» Dataset entries
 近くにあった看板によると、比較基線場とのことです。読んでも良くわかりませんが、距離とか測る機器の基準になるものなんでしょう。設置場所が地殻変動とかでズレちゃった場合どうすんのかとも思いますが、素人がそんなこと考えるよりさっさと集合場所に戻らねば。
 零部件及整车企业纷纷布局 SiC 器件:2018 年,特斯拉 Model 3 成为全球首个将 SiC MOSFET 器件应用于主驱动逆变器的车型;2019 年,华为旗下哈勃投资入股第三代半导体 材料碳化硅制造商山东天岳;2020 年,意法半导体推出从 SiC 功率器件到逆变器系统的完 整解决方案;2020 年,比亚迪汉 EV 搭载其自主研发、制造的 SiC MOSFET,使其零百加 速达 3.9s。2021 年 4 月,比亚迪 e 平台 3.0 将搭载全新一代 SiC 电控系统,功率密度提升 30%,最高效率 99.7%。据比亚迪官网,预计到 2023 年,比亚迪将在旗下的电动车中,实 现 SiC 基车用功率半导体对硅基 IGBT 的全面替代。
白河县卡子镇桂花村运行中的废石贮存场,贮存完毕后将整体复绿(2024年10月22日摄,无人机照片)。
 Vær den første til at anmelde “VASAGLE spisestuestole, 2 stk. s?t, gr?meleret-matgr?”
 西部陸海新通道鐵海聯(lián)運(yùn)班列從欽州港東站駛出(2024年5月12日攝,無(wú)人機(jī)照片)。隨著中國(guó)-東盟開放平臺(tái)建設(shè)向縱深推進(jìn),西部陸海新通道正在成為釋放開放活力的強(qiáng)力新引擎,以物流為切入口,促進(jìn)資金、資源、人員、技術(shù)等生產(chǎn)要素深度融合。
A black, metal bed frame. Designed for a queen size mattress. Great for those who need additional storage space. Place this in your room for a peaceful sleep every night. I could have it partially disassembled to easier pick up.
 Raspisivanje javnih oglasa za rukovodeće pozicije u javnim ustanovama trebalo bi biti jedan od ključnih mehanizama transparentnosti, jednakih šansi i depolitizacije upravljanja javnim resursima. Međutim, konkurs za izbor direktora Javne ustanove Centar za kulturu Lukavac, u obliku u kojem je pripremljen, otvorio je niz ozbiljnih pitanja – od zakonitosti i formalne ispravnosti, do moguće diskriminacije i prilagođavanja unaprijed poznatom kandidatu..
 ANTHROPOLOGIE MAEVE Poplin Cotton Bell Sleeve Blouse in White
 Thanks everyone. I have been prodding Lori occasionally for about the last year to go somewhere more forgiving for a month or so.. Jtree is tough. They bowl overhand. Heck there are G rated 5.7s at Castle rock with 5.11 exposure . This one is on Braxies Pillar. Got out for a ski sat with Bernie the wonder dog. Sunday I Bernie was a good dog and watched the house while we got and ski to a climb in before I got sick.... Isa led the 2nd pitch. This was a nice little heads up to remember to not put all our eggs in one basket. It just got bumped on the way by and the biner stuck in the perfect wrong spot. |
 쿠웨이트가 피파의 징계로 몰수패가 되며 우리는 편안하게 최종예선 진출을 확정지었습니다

» What to do
Reproduce every line above. Keep it exact.

» Exercise solution
 近くにあった看板によると、比較基線場とのことです。読んでも良くわかりませんが、距離とか測る機器の基準になるものなんでしょう。設置場所が地殻変動とかでズレちゃった場合どうすんのかとも思いますが、素人がそんなこと考えるよりさっさと集合場所に戻らねば。
 零部件及整车企业纷纷布局 SiC 器件:2018 年,特斯拉 Model 3 成为全球首个将 SiC MOSFET 器件应用于主驱动逆变器的车型;2019 年,华为旗下哈勃投资入股第三代半导体 材料碳化硅制造商山东天岳;2020 年,意法半导体推出从 SiC 功率器件到逆变器系统的完 整解决方案;2020 年,比亚迪汉 EV 搭载其自主研发、制造的 SiC MOSFET,使其零百加 速达 3.9s。2021 年 4 月,比亚迪 e 平台 3.0 将搭载全新一代 SiC 电控系统,功率密度提升 30%,最高效率 99.7%。据比亚迪官网,预计到 2023 年,比亚迪将在旗下的电动车中,实 现 SiC 基车用功率半导体对硅基 IGBT 的全面替代。
白河县卡子镇桂花村运行中的废石贮存场,贮存完毕后将整体复绿(2024年10月22日摄,无人机照片)。
 Vær den første til at anmelde “VASAGLE spisestuestole, 2 stk. s?t, gr?meleret-matgr?”
 西部陸海新通道鐵海聯(lián)運(yùn)班列從欽州港東站駛出(2024年5月12日攝,無(wú)人機(jī)照片)。隨著中國(guó)-東盟開放平臺(tái)建設(shè)向縱深推進(jìn),西部陸海新通道正在成為釋放開放活力的強(qiáng)力新引擎,以物流為切入口,促進(jìn)資金、資源、人員、技術(shù)等生產(chǎn)要素深度融合。
A black, metal bed frame. Designed for a queen size mattress. Great for those who need additional storage space. Place this in your room for a peaceful sleep every night. I could have it partially disassembled to easier pick up.
 Raspisivanje javnih oglasa za rukovodeće pozicije u javnim ustanovama trebalo bi biti jedan od ključnih mehanizama transparentnosti, jednakih šansi i depolitizacije upravljanja javnim resursima. Međutim, konkurs za izbor direktora Javne ustanove Centar za kulturu Lukavac, u obliku u kojem je pripremljen, otvorio je niz ozbiljnih pitanja – od zakonitosti i formalne ispravnosti, do moguće diskriminacije i prilagođavanja unaprijed poznatom kandidatu..
 ANTHROPOLOGIE MAEVE Poplin Cotton Bell Sleeve Blouse in White
 Thanks everyone. I have been prodding Lori occasionally for about the last year to go somewhere more forgiving for a month or so.. Jtree is tough. They bowl overhand. Heck there are G rated 5.7s at Castle rock with 5.11 exposure . This one is on Braxies Pillar. Got out for a ski sat with Bernie the wonder dog. Sunday I Bernie was a good dog and watched the house while we got and ski to a climb in before I got sick.... Isa led the 2nd pitch. This was a nice little heads up to remember to not put all our eggs in one basket. It just got bumped on the way by and the biner stuck in the perfect wrong spot. |
 쿠웨이트가 피파의 징계로 몰수패가 되며 우리는 편안하게 최종예선 진출을 확정지었습니다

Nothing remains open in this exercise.